◆ Your task: A verbatim copy is needed of the lines below from the one containing "El jefe de la" up to and including the one containing "El comprobante del", excluding pictures.

┌──

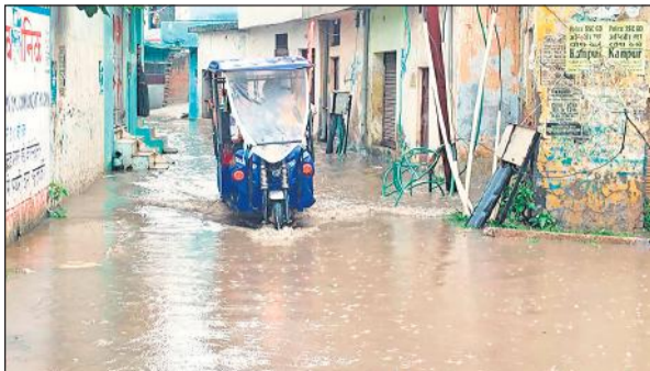
मधुवन कॉलोनी में हुआ जलभराव।

अमृत विचार: सावन के तेरह दिन बीतने के बाद आखिरकार रविवार को मेघराज मेहरबान हुए। सुबह से ही आसमान में बादल छाए गए। दोपहर के समय शुरू हुई झमाझम बारिश ने लोगों को उमस भरी गर्मी से राहत दिलाई। लगातार तेज धूप और उमस से बेहाल लोगों के चेहरे पर बारिश ने मुस्कान ला दी। इधर बारिश होने से फसलों का काफी लाभ पहुंचा है। सिंचाई की तैयारी कर रहे किसानों के चेहरों पर मुस्कान उभर गई है। कृषि अधिकारियों के मुताबिक तीन दिनों तक बारिश होने की संभावना है। वहीं बारिश की वजह से शहर में कई स्थानों पर जलभराव हो गया। जिसकी वजह से लोगों को आवगमन में दिक्कत उठानी पड़ी। पिछले कई दिनों से उमस भरी गर्मी लोगों को परेशान किए हुए थी। सुबह से खिल रही चटक धूप लोगों के पसीने छुड़ा रही थी। तापमान भी लगातार वृद्धि हो रही थी। अधिकतम तापमान 40 डिग्री सेल्सियस तक पहुंच चुका था। पिछले तीन दिनों से मौसम में अचानक से परिवर्तन
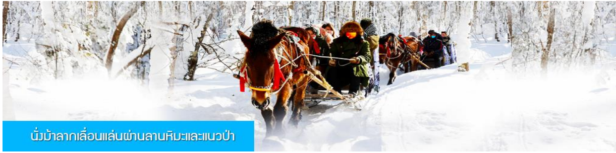
นั่งม้าลากเลื่อนเล่นผ่านลานหิมะและแนวป่า

รายการที่ 2 นั่งม้าลากเลื่อนผ่านลานหิมะและแนวป่า 马拉雪橇 ท่ามกลางสิ่งแวดล้อมของหิมะราวกับอยู่ในโลกแห่งเทพนิยาย ผ่านหมู่บ้าน เว่ยหู่จ้าย 威虎寨 ที่อดีตเคยเป็นที่ตั้งของรังโจรที่มักออกปล้นสะดมชาวบ้าน ม้าลากเลื่อนเป็นยานพาหนะเฉพาะพื้นที่ ๆ ได้รับความนิยมนมากในอดีต การเดินทางในช่วงฤดูหนาวต้องใช้ม้าลากจูงลากเลื่อนให้สามารถวิ่งผ่านบนลานหิมะได้ โดยลากเลื่อนที่มีม้าเป็นตัวลากจูงสามารถลำเลียงได้ทั้งผู้คน และข้าวของเสบียงต่าง ๆ ...เวลาที่ใช้สำหรับโปรแกรมเสริมนี้ประมาณ 40 นาที อัตราค่าบริการ ท่านละ 240 หยวน หรือ 1200 บาท อัตรานี้รวมค่าบริการผ่านเข้าอุทยาน ค่ารถรับ ส่ง และค่าบริการของไกด์ท้องถิ่น และค่าบริการจัดการของบริษัททัวร์ท้องถิ่น... หมายเหตุ โปรแกรมเสริมเป็นโปรแกรมที่ท่านต้องเสียค่าใช้จ่ายเองด้วยความสมัครใจ สำหรับท่านที่ไม่เข้าร่วมกิจกรรมดังกล่าวสามารถนั่งพักในรถได้
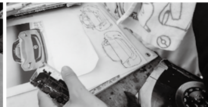
自由に表現します
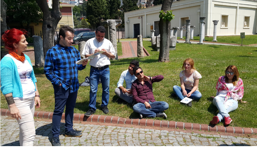
Resim 3. Müzede hayvanlar ve Müzede Kahramanlar temalı öykü çalışmaları
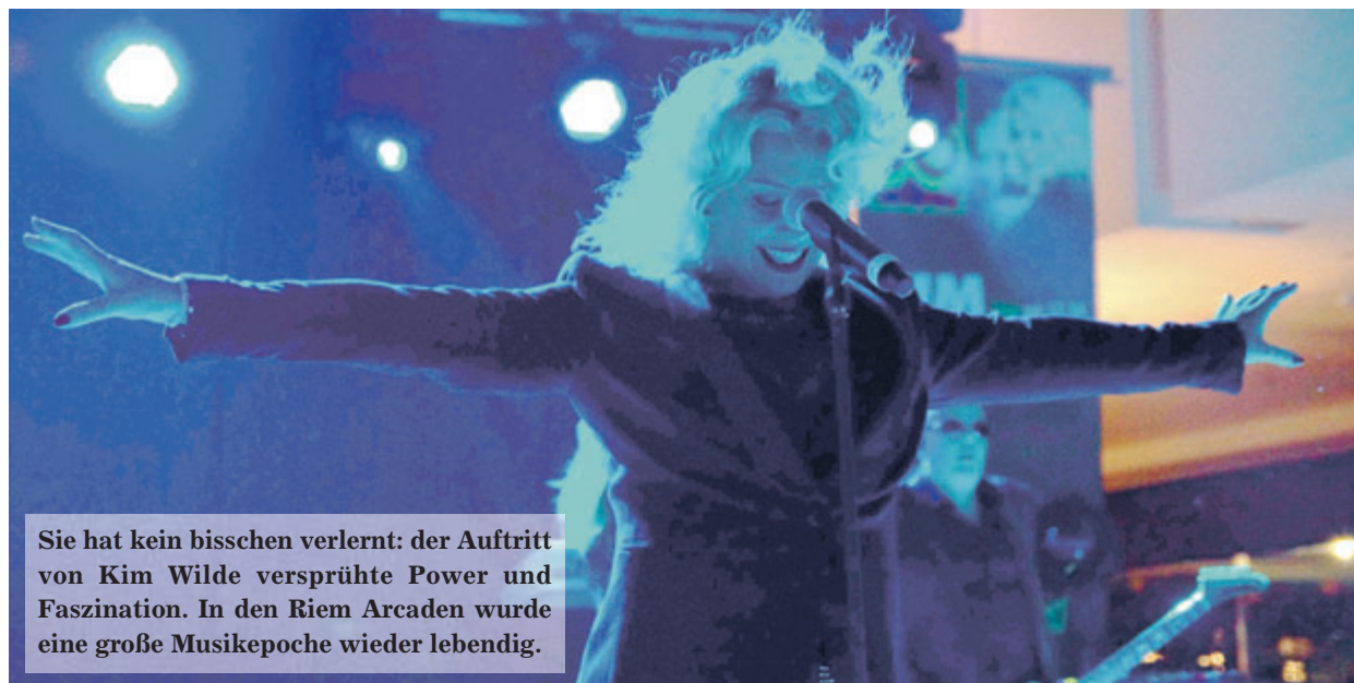
Sie hat kein bisschen verlernt: der Auftritt von Kim Wilde versprühte Power und Faszination. In den Riem Arcaden wurde eine große Musikepoche wieder lebendig.
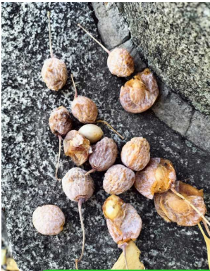
あら よーく洗って「たね」だけにする
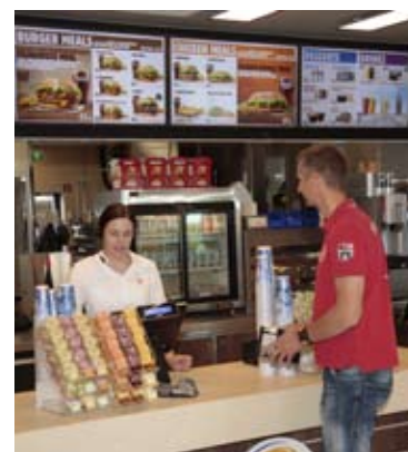
Burger King på Rasta Brålanda
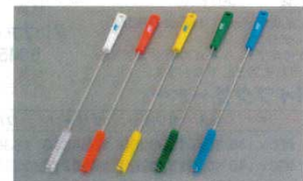
⑬パイプクリーナー ハードタイプ 5376

●粉末の清掃に適したブラシ。製パン、製麺など粉末を使用するカウンターの清掃に最適です。
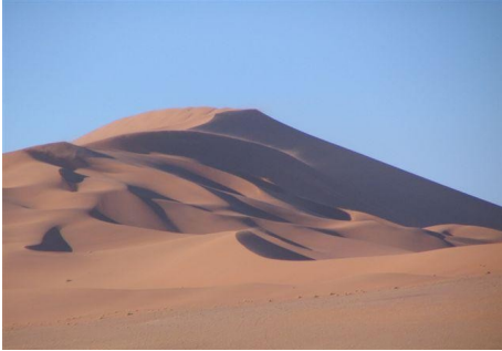
Sterndünen bei Sossusvlei
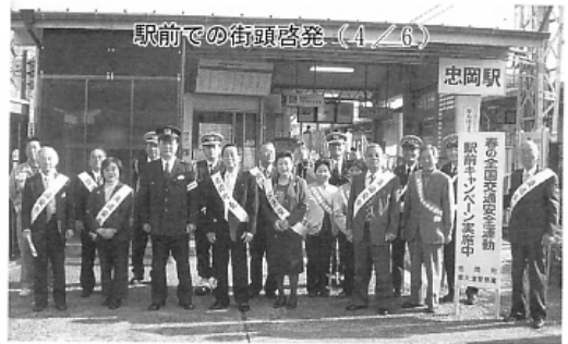
駅前での街頭啓発 (4/6)

こども会 春の球技大会 各地区よりキック、ソフト ボールチームが多数参加 ▼とき 5月10日(日) 《開会式》午前8時30分 《試合開始》午前9時 (雨天の時は5月17日に 延期) ▼ところ 新浜緑地
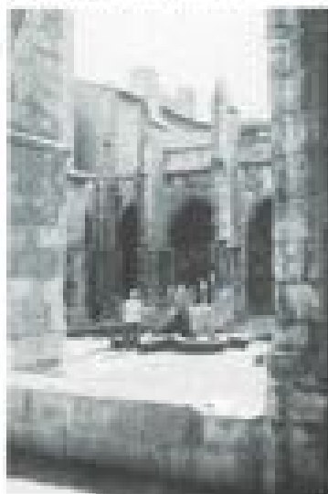
geschiedenis van dit deel van Frankrijk.
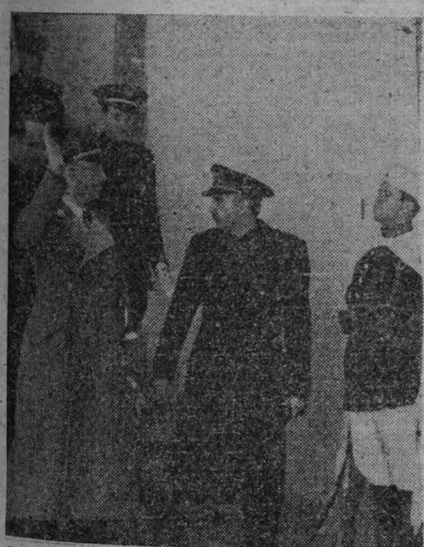
El jefe de la Policía alemana, Sr. Himmler, al salir del palacio de El Pardo, de visitar al Jefe del Estado. Le acompaña el presidente de la Junta Política, camarada Serrano Súñer.
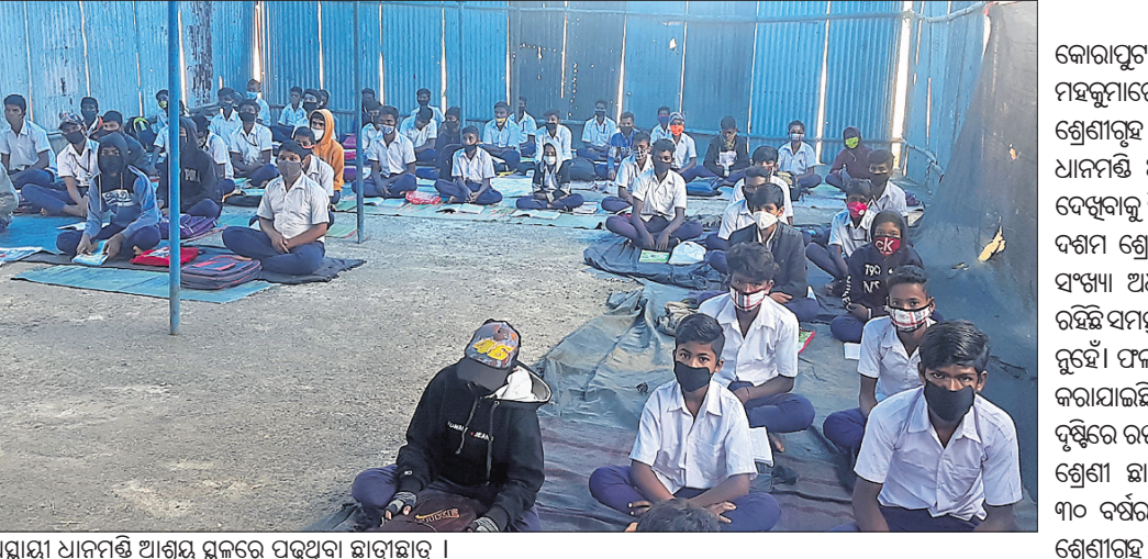
ଅସ୍ଥାୟୀ ଧାନମଣ୍ଡି ଆଗ୍ରୟ ସ୍ଥଳରେ ପଢୁଥିବା ଛାତ୍ରଛାତ୍ରୀମାନେ।

କୋରାପୁଟ ଜିଲା କୁନ୍ତୁରା ବ୍ଲକ ଉତ୍ତରପାଞ୍ଚିଶା ପଞ୍ଚାୟତ ସଦର ମହକୁମାରେ ଥିବା ଅନନ୍ତ ବିଦ୍ୟାଳୟରେ ଛାତ୍ରଛାତ୍ରୀମାନେ ଶ୍ରେଣୀଗୃହ ଅଭାବରୁ ବିଦ୍ୟାଳୟ ସମ୍ମୁଖରେ ଥିବା ଅସ୍ଥାୟୀ ଧାନମଣ୍ଡି ଆଗ୍ରୟସ୍ଥଳରେ ବସି ପାଠ ପଢୁଥିବା ଶିନିଦାର ଦେଖିବାକୁ ମିଳିଛି। ବିଦ୍ୟାଳୟରେ ନବମ ଶ୍ରେଣୀର ୧୬୭ ଓ ଦଶମ ଶ୍ରେଣୀର ୧୯୬ ଛାତ୍ରଛାତ୍ରୀ ରହିଛନ୍ତି।
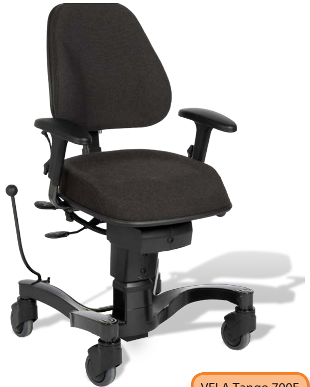
VELA Tango 700E
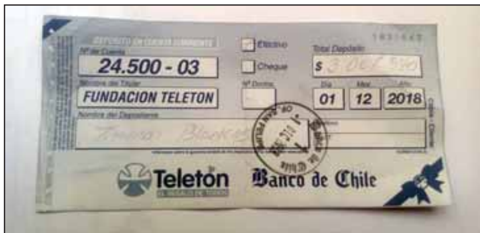
El comprobante del depósito con los más de tres millones de pesos reunidos por Tierras Blancas.

para la Teletón donde me llamen ahí voy a estar, el servidor público lo llevo adentro, eso es lo que me apasiona y eso es lo que me gusta”, finalizó Pantoja. A nivel de San Felipe hemos sabido extraoficialmente que se reunió la cantidad de 86 millones de pesos, el año pasado fueron unos 82 millones.
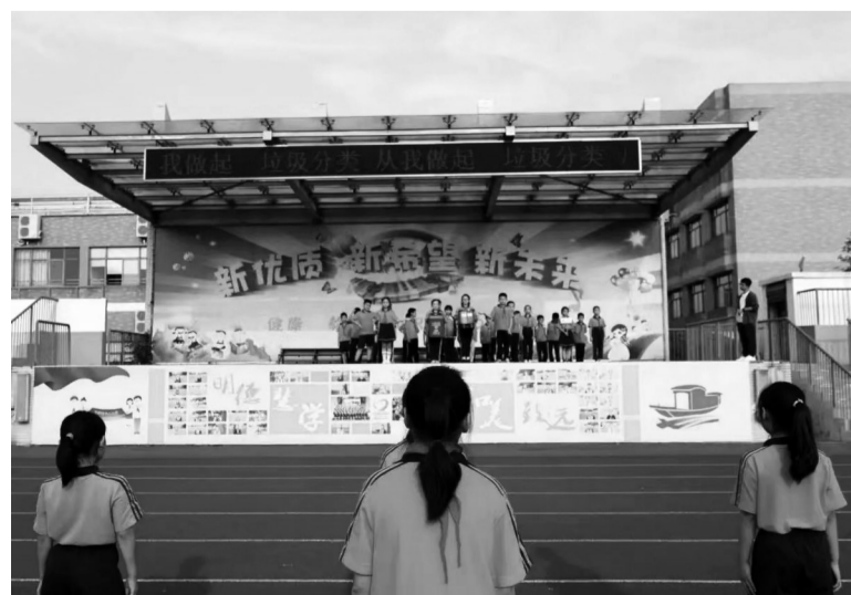
了改造,孩子们的学习生活环境得到了进一步改善,成校也在争创省一级现代化学学校进程中硬件设施得到了进一步提升。

此外,今年凤桥镇中心小学的综合楼建设项目有了实质性进展,凤桥新堂两所幼儿园建设也在顺利推进中,镇区3家幼儿园在暑假完成

└──

◆ Response to the task:
El jefe de la Policía alemana, Sr. Himmler, al salir del palacio de El Pardo, de visitar al Jefe del Estado. Le acompaña el presidente de la Junta Política, camarada Serrano Súñer.
ଅସ୍ଥାୟୀ ଧାନମଣ୍ଡି ଆଗ୍ରୟ ସ୍ଥଳରେ ପଢୁଥିବା ଛାତ୍ରଛାତ୍ରୀମାନେ।

କୋରାପୁଟ ଜିଲା କୁନ୍ତୁରା ବ୍ଲକ ଉତ୍ତରପାଞ୍ଚିଶା ପଞ୍ଚାୟତ ସଦର ମହକୁମାରେ ଥିବା ଅନନ୍ତ ବିଦ୍ୟାଳୟରେ ଛାତ୍ରଛାତ୍ରୀମାନେ ଶ୍ରେଣୀଗୃହ ଅଭାବରୁ ବିଦ୍ୟାଳୟ ସମ୍ମୁଖରେ ଥିବା ଅସ୍ଥାୟୀ ଧାନମଣ୍ଡି ଆଗ୍ରୟସ୍ଥଳରେ ବସି ପାଠ ପଢୁଥିବା ଶିନିଦାର ଦେଖିବାକୁ ମିଳିଛି। ବିଦ୍ୟାଳୟରେ ନବମ ଶ୍ରେଣୀର ୧୬୭ ଓ ଦଶମ ଶ୍ରେଣୀର ୧୯୬ ଛାତ୍ରଛାତ୍ରୀ ରହିଛନ୍ତି।
VELA Tango 700E
El comprobante del depósito con los más de tres millones de pesos reunidos por Tierras Blancas.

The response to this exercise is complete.